Paris, le vendredi 5 janvier 2024 – L’année 2023 devrait être l’année ayant enregistré le moins de naissances en France depuis la Seconde Guerre Mondiale, battant ainsi…2022.
Plus de 75 ans après le baby-boom, la France est en plein baby-blues. Les chiffres définitifs ne sont pas encore connus et consolidés, mais 2023 devrait être une nouvelle année noire pour la natalité française, selon les dernières statistiques officielles de l’Insee publiés ce jeudi. Lors des onze premiers mois de l’année 2023, 621 691 enfants sont nés en France, soit environ 45 000 de moins qu’en 2022 sur la même période, une baisse de 6,8 %. Avec 723 000 naissances, l’année 2022 était pourtant déjà l’année avec le plus faible nombre de naissances depuis la fin de la Seconde Guerre Mondiale (époque où la France ne comptait pourtant que 40 millions d’habitants), un triste record en passe donc d’être battu.

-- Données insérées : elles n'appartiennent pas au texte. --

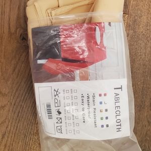 Obstal 210GSM rectangular tablecloth. Champagne color measures 60in×84in for indoor and outdoor use. Water resistant microfiber.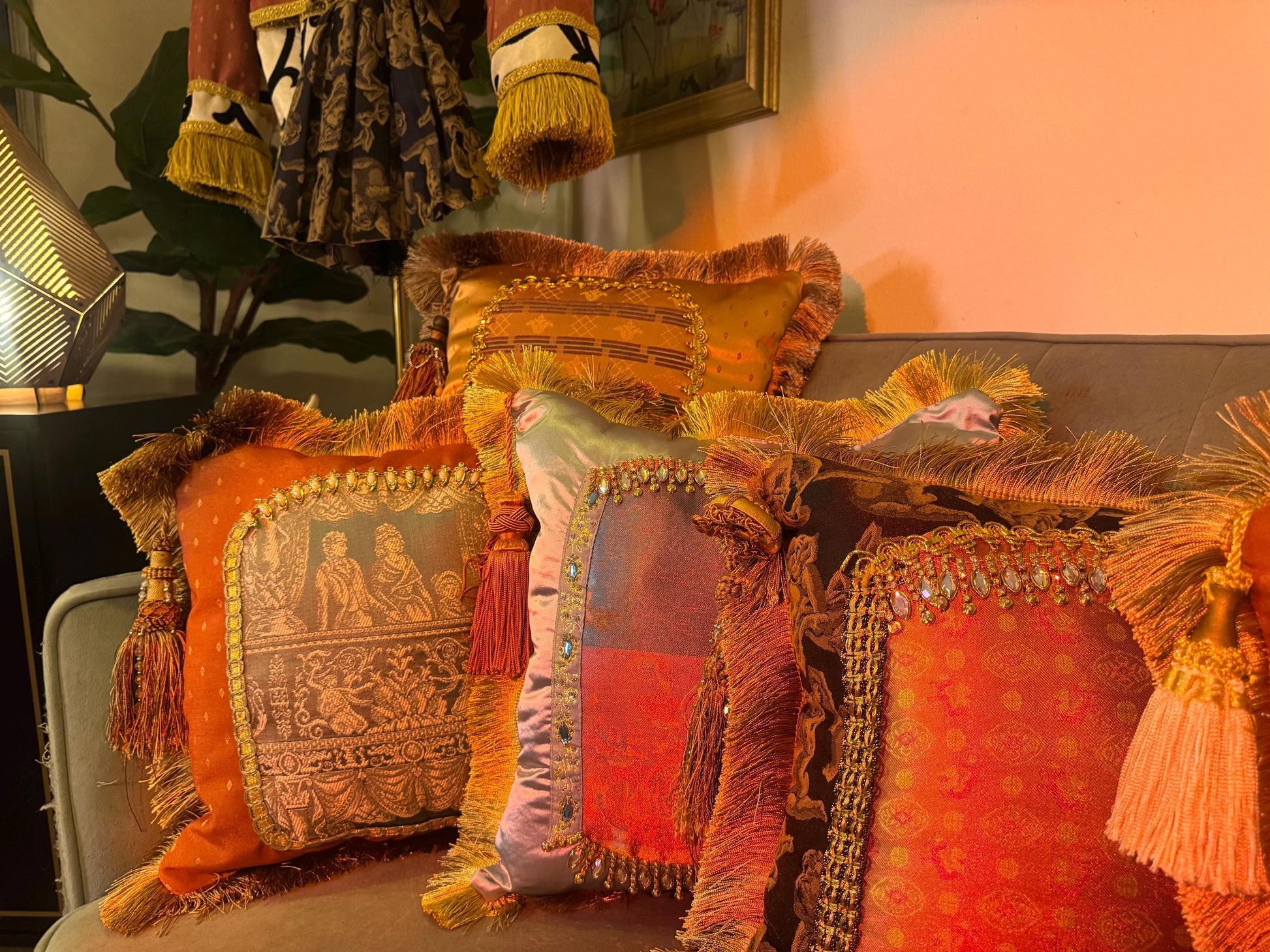 This one-of-a-kind pillow features a central dragon motif created with reverse appliqué, where a dragon-printed fabric is precisely inset behind a satin front panel, forming a seamless portal shape. The edges are finished with ornate jewel-fringe trim for texture and symbolic protection, while the back is crafted from soft powder-blue suede for contrast and grounding.

Les femmes françaises sont pourtant les plus fécondes d’Europe
Dans le détail, on a compté 56 297 naissances en novembre 2023 (1 877 bébés par jour en moyenne), soit une baisse de 5,1 % par rapport à novembre 2022. Il s’agit du 17ème mois consécutif où le nombre de naissances est plus faible qu’un an auparavant, signe que la tendance à la baisse de la natalité est un mouvement de fond.
En France, le nombre de naissances diminue en effet chaque année depuis 2011, sauf en 2021 quand il avait connu une légère augmentation après la fin des confinements de 2020. La baisse concerne l’ensemble des régions mais est plus marqué dans le sud de la France (8,4 % de naissances en moins en Corse en 2023, 8,3 % en Occitanie) et plus modéré en outre-mer (2,7 % de naissances en moins à la Réunion, 0,2 % en Guyane).

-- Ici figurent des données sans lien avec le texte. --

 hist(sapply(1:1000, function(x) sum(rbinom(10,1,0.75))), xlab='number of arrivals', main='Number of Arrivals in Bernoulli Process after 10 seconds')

En parallèle de ce recul des naissances, le nombre de décès est lui aussi en augmentation continue depuis 2006. Sous l’effet de ces deux mouvements, le solde naturel, soit la différence entre le nombre de naissances et de décès, s’est effondré depuis 2014, passant de 260 000 personnes supplémentaires par an à seulement 56 000 en 2022. En 2023, ce solde naturel devrait être proche de zéro.
Plusieurs éléments démographiques expliquent cette baisse des naissances. Tout d’abord, le nombre de femmes âgés de 20 à 40 ans, période où elles sont les plus fécondes, a fortement diminué depuis le milieu des années 1990 et stagne depuis 2016 autour de 8,4 millions. En parallèle, l’indice de fécondité est lui passé de 2 enfants par femme en 2012 à 1,8 en 2022. La France reste malgré tout le pays de l’Union Européenne où les femmes font le plus d’enfants, loin devant l’Espagne (1,19 enfant par femme) ou l’Italie (1,24 enfant).
Une tendance qui peut s’inverser
Selon les démographes et les sociologues, plusieurs facteurs socio-économiques expliquent cette baisse de la natalité. La conjoncture économique et politique incertaine, marqué par l’inflation et le conflit en Ukraine, ainsi que le réchauffement climatique et l’éco-anxiété peuvent créer un « climat d’incertitude » désincitant les Français à avoir des enfants estime Catherine Scornet, maitre de conférences en sociologie-démographie à l’université Aix-Marseille.
Un changement d’aspiration serait également à l’œuvre chez certaines femmes, qui voudraient faire moins ou pas d’enfants au nom de « l’émancipation individuelle ». « Les femmes diplômées sont celles qui se projettent le plus en dehors de la maternité, elles s’investissent et s’épanouissent dans d’autres domaines personnels ou professionnels » poursuit Catherine Scornet.
Si elle se poursuit, cette baisse de naissances pourrait avoir de lourdes conséquences d’un point de vue social et économique, le vieillissement de la population et la diminution du nombre de jeunes devant nous pousser à repenser certaines politiques publiques. Cette tendance à la baisse de la natalité pourrait cependant être atténuée voir inversée grâce à une politique nataliste forte.
« Les politiques publiques efficaces sont celles qui rendent la vie plus facile aux parents » résume simplement Laurent Toulon, directeur de recherche à l’institut national d’études démographiques. L’inversion de tendance est tout à fait possible : les naissances ont fortement diminué entre 1988 et 1994 (- 8 %) avant de remonter en flèche jusqu’en 2010 (+ 13 %).